In recent years, the spatial variability of soil nutrients have been widespread concern and attention with the protection of food security and the rapid development of precision agriculture. According to the research status at home and abroad, the paper chose the Ordinary Kriging, Regression Kriging and Inverse Distance Weighted Interpolation methods to analysis soil nutrients spatial variability characteristics and distribution pattern in Jiutai County. Studies had shown that because of soil nutrient factors that affected differences in the larger, different nutrients were required in different directions. Study results had a great significance to reveal the spatial variation of soil nutrients in the law, as well as the precise and accurate adjustment of soil management measures to optimize the use of nutrients to maximize resources, to obtain the maximum yield and maximum economic efficiency and to reduce the negative impact on the environment, toprotect the land and other agricultural natural resources. The main conclusions were as follows:
     The variation coefficient of Four types of soil nutrients (Total N, Organic matter, Available P and Available K) was between 10-100%, belonging to the middle variation. These changes were as a result of structural factors and random factors. The normal distribution of data found that the four original data did not comply with normal distribution. The only Total N was not in line with the normal distribution after log transfermation, So it can not use Ordinary Kriging.

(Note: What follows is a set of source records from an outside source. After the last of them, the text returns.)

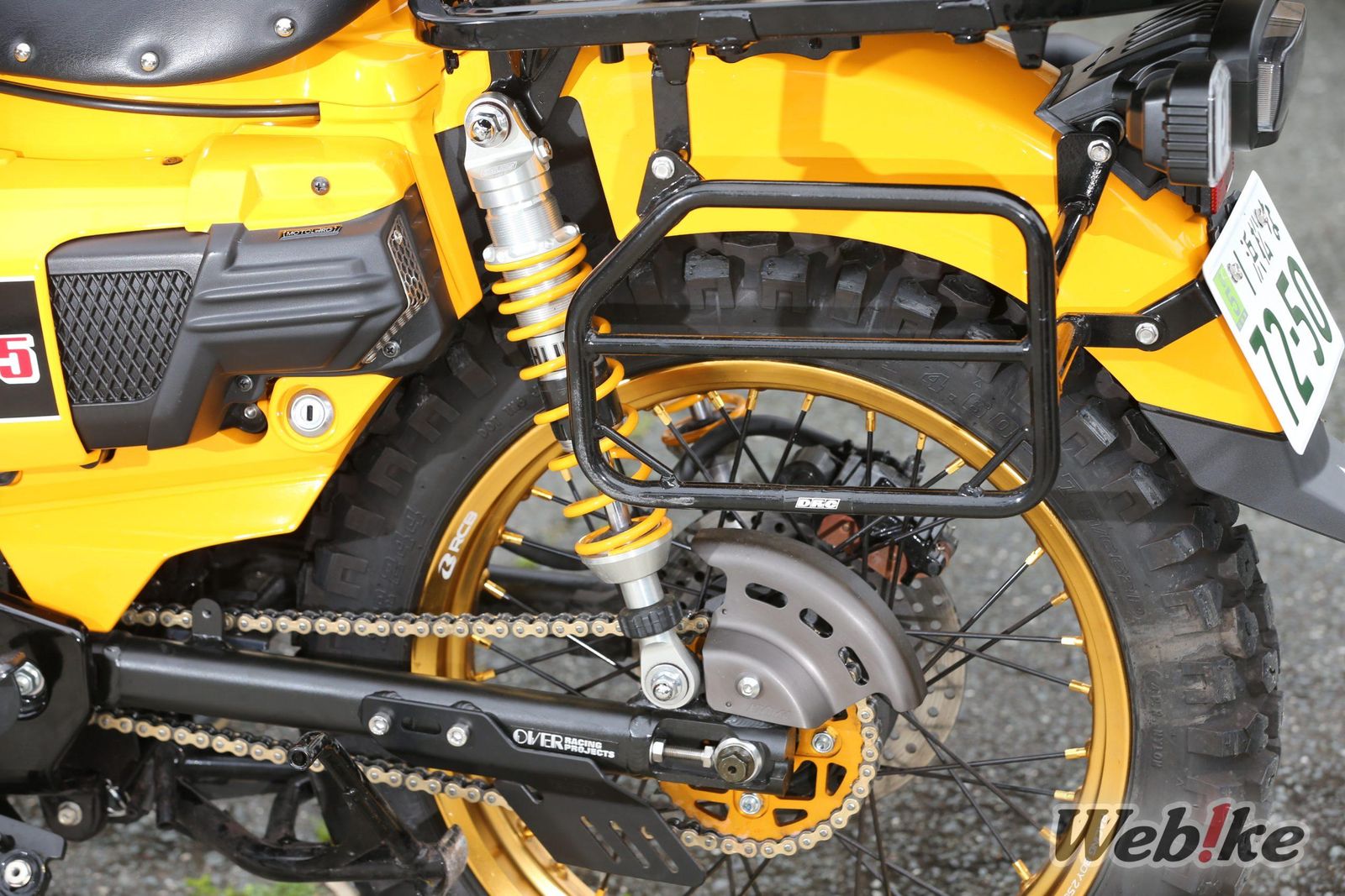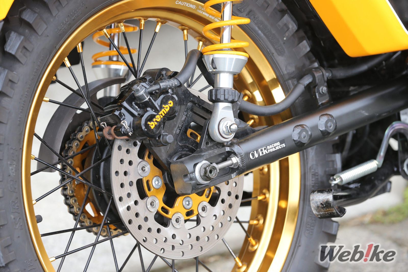 สวิงอาร์มเป็นแบบ OVER Racing Type 6 เคลือบสี GUN-KOTE สีดำ ให้ความรู้สึกออฟโรดอย่างแท้จริง ระบบกันสะเทือนหลังเป็นแบบเดียวกับด้านหน้า มาพร้อมโช้ค Ohlins HO029
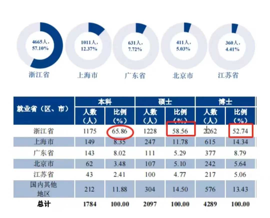 综上,不得不感慨浙江大学的本科生,蛮热衷于提升学历的,然后无论是本科,硕士,还是博士,都比较偏向稳定的工作呢。
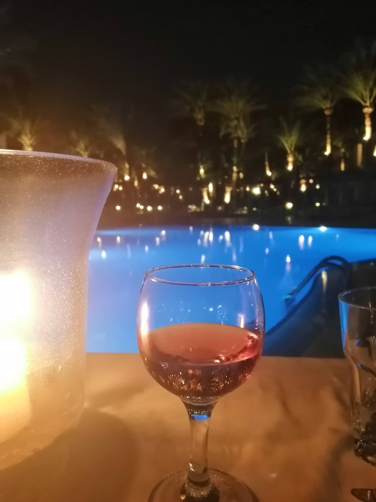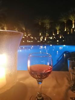 Abends beim Essen am Pool
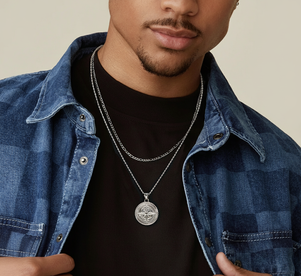 Collar Silver Compass Plata 925
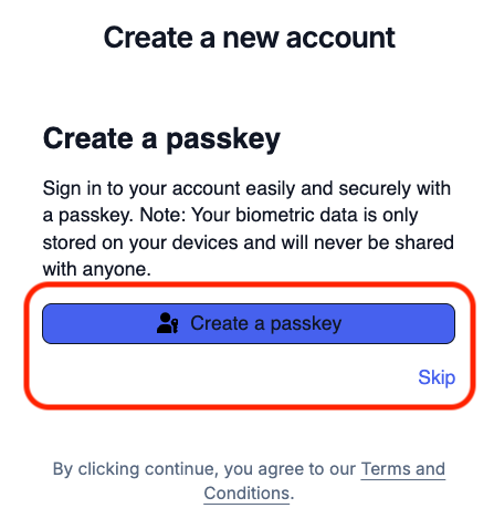 Optional step: After the submission of the passcode you can select to create a passkey for future logins. This passkey will then be stored in your preferred passkey solution on your device. You can also select to skip this step and come back to it at a later point in time by clicking "skip".
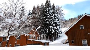 朝10時頃の管理棟です。夜の間にたくさん積もりました。

     To choose some representative environmental factors (terrain factor and NDVI) analysised their correlation with soil nutrients in Jiutai City by ArcGIS, four types of soil nutrients at the level of 0.01 showed negative correlation; Organic matter and Available K at the level of 0.01 showed negative correlation with slope and terrain relief; Organic matter and Available P at the level of 0.01 showed negative correlation with surface roughness; four types of soil nutrients related to vegetation (NDVI) were positive correlated. Although the soil nutrients and environmental factors demonstrated a certain degree of relevance, by fitting multiple linear regression equation found that the agreed coefficient was too low that it lost the significance. Regression Kriging method is more popular now as a prediction of soil nutrients, but the factors which impact it were too complex. However it was not fit to use Regression Kriging fou soil nutrients in Jiutai City.
     The ratio of nugget value and base value about Organic matter and Available K was about 20%, showing a strong spatial correlation,that noted structural factors (soil parent material, topography, climate and other natural factors) played a major role to the spatial variability of this two types of soil nutrients . The ratio of nugget value and base value about Available P wsa about 70%, showing a medium spatial correlation, that noted random factors (such as cropping systems, fertilization, cultivation system) played a major role to the spatial variability of available P.
     The prediction map was basically consistent of Ordinary Kriging and Inverse Distance Weighted Interpolation methods to soil nutrients-Organic matter, Available P and Available K. The distribution of Organic matter and Available K were basically the same, showing a direction from southwest to northeast gradually decreasing trend. However, the higher data of Organic matter mainly was in the black soil of corn crops, but the higher data of Available K occurred mainly in the rice crop for the meadow territories. Jiutai City, northeast of the high-lying, southwest low-lying, topographic factors on the distribution of organic matter and potassium played an important role in the control. The distribution of Available P was gradually descending from south to north, and high-value mainly occurred in the tableland areas meadow soil above of which crops mainly maize and arable land types is glebe. Inverse Distance Weighted Interpolation diagram showed that Total N in the distribution of the entire study area was generally low and the maximum value emerged in the lower of part of the region and the southwest and other areas near the mesa and meadow black earth soil above which the main food crops of corn, vegetables and rice grew. This may be the common results of intrinsic factors such as the topography and external factors such as man-made systems, fertilization in Jiutai, however human economic activity made the distribution of nutrients tend homogenization.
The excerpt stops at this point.